WORK TASK:
What you return should be the full listing, copied exactly and stripped of its pictures.

INFORMATION SUPPLIED:

= = = =

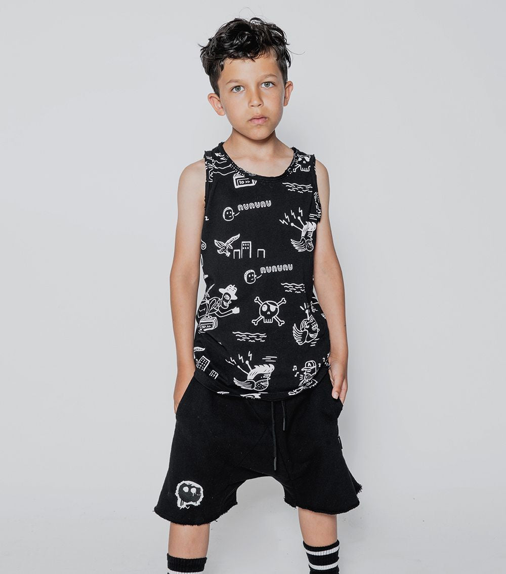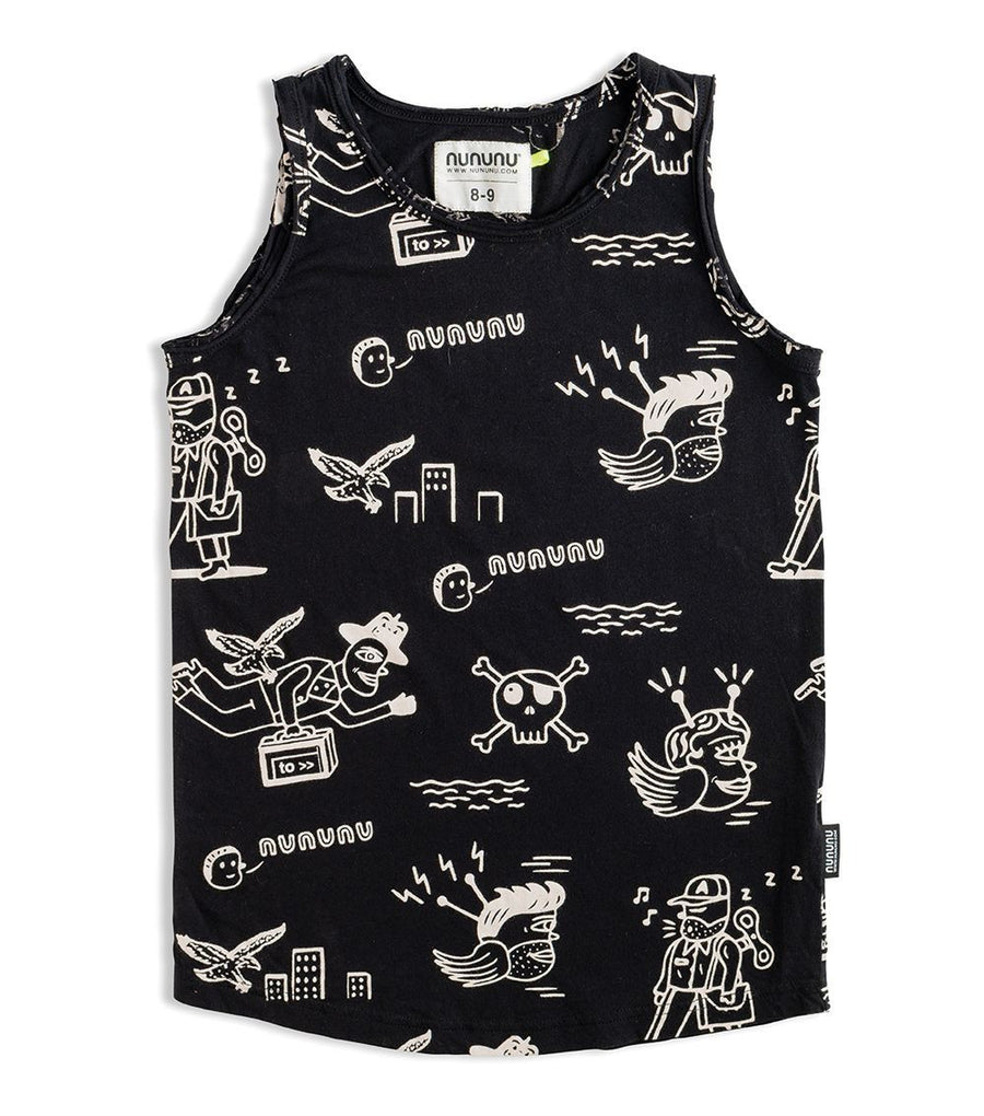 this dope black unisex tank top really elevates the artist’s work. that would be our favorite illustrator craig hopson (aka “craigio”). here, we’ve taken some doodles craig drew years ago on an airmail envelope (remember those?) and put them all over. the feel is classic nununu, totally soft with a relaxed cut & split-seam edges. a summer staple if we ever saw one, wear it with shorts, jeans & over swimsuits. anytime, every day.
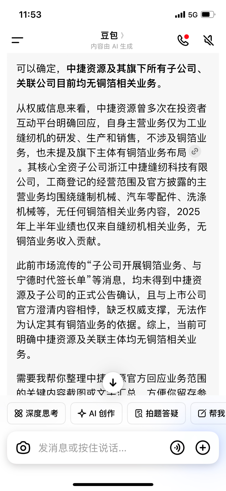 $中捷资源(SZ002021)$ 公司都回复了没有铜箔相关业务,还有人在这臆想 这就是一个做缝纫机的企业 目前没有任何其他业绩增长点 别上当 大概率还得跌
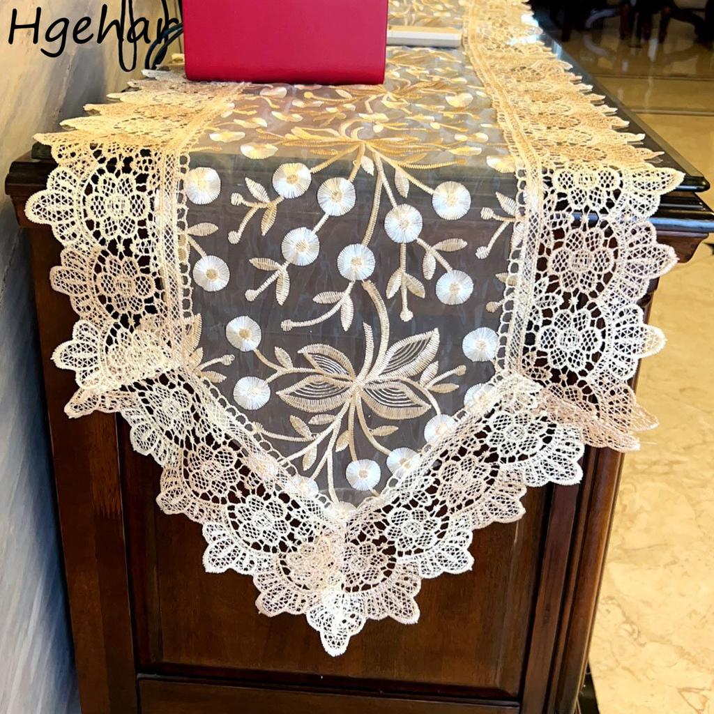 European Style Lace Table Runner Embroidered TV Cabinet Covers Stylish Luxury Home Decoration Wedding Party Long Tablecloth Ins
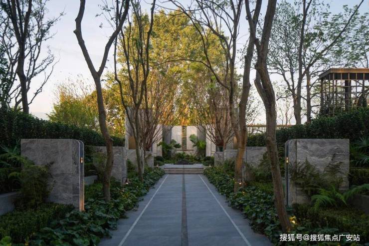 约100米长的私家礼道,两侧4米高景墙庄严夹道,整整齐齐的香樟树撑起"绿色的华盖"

= = = =

SOLVED EXERCISE:
 this dope black unisex tank top really elevates the artist’s work. that would be our favorite illustrator craig hopson (aka “craigio”). here, we’ve taken some doodles craig drew years ago on an airmail envelope (remember those?) and put them all over. the feel is classic nununu, totally soft with a relaxed cut & split-seam edges. a summer staple if we ever saw one, wear it with shorts, jeans & over swimsuits. anytime, every day.
 $中捷资源(SZ002021)$ 公司都回复了没有铜箔相关业务,还有人在这臆想 这就是一个做缝纫机的企业 目前没有任何其他业绩增长点 别上当 大概率还得跌
 European Style Lace Table Runner Embroidered TV Cabinet Covers Stylish Luxury Home Decoration Wedding Party Long Tablecloth Ins
 约100米长的私家礼道,两侧4米高景墙庄严夹道,整整齐齐的香樟树撑起"绿色的华盖"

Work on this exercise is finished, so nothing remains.